_REQUIREMENT_. Nothing but the lines below from the one containing "Karnet SE. Klasyczny" through the one containing "AI Generated Video." should appear in the answer, exact and without pictures.

_RECORDED INFORMATION_.
▽
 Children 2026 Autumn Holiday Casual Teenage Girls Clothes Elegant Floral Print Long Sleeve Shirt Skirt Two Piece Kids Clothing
△
▽
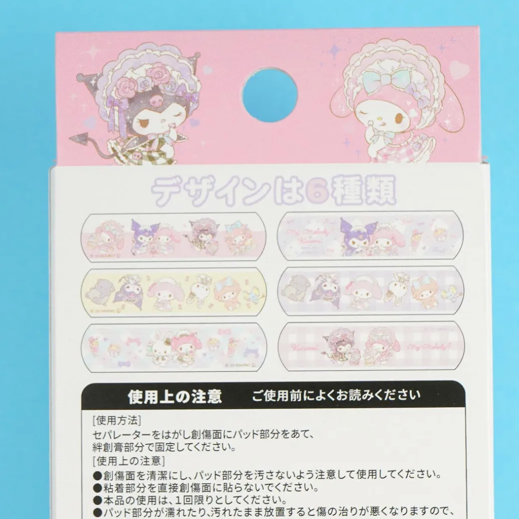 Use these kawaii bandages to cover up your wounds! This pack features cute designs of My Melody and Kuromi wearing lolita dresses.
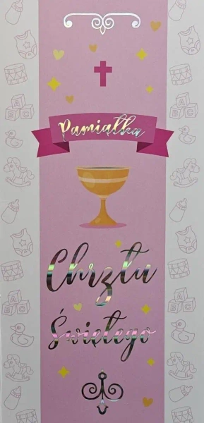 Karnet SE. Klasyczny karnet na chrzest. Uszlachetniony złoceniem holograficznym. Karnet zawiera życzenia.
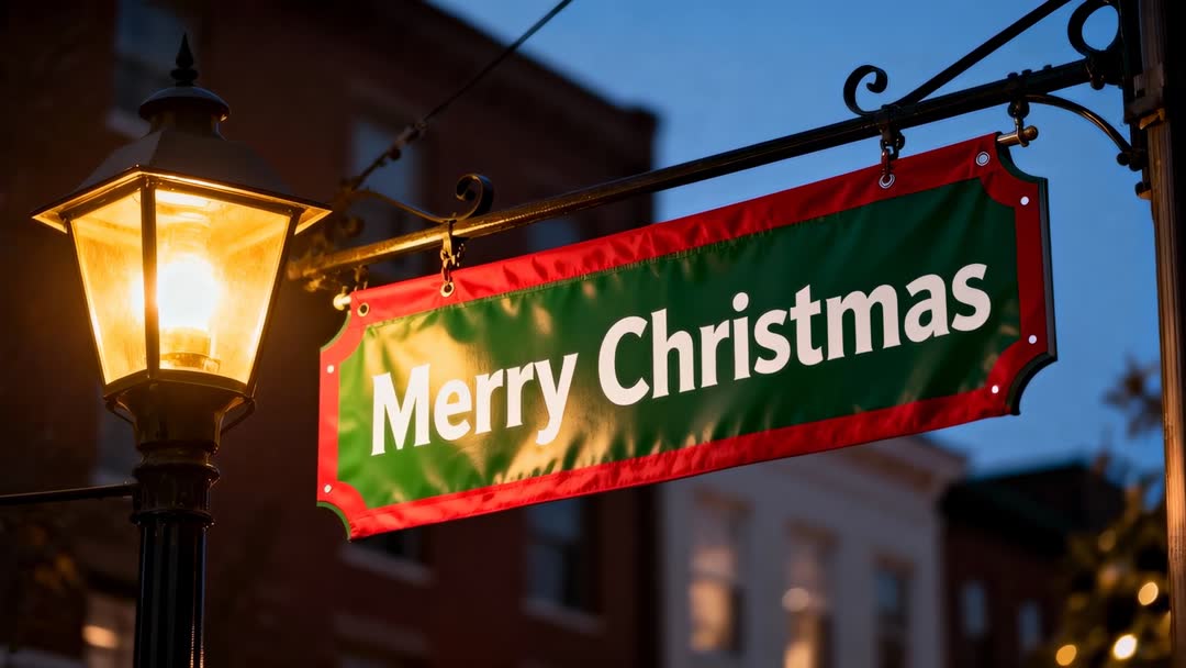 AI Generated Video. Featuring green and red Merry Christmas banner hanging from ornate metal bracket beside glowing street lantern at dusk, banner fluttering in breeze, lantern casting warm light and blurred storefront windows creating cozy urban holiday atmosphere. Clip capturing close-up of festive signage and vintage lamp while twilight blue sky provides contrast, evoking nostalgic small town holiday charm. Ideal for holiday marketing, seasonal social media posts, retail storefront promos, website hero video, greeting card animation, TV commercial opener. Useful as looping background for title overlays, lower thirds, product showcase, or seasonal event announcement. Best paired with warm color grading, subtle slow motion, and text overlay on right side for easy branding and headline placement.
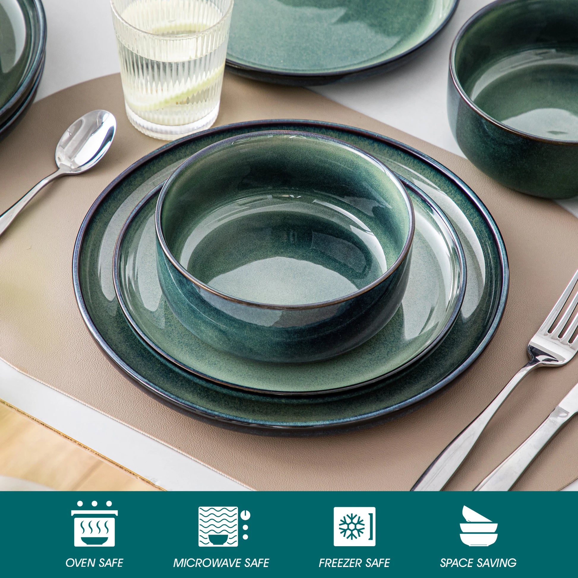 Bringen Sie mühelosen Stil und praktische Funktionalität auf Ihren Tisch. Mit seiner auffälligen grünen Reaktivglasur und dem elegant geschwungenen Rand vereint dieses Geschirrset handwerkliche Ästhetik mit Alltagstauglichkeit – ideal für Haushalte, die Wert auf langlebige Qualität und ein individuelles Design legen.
△
▽
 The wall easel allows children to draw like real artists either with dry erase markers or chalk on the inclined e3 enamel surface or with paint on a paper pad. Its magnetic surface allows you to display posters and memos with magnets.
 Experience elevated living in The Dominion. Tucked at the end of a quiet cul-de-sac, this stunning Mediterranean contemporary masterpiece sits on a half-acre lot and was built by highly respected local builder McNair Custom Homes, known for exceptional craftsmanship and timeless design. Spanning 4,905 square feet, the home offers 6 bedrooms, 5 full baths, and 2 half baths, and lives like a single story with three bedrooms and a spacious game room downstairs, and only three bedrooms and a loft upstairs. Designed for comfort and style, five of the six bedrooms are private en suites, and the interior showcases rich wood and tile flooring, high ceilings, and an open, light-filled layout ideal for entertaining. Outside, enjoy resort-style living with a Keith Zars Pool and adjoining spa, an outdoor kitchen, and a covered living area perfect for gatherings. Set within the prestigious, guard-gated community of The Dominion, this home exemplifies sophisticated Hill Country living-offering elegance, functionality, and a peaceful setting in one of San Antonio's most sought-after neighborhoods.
△
_SOLUTION TO THIS TASK_.
 Karnet SE. Klasyczny karnet na chrzest. Uszlachetniony złoceniem holograficznym. Karnet zawiera życzenia.
 AI Generated Video. Featuring green and red Merry Christmas banner hanging from ornate metal bracket beside glowing street lantern at dusk, banner fluttering in breeze, lantern casting warm light and blurred storefront windows creating cozy urban holiday atmosphere. Clip capturing close-up of festive signage and vintage lamp while twilight blue sky provides contrast, evoking nostalgic small town holiday charm. Ideal for holiday marketing, seasonal social media posts, retail storefront promos, website hero video, greeting card animation, TV commercial opener. Useful as looping background for title overlays, lower thirds, product showcase, or seasonal event announcement. Best paired with warm color grading, subtle slow motion, and text overlay on right side for easy branding and headline placement.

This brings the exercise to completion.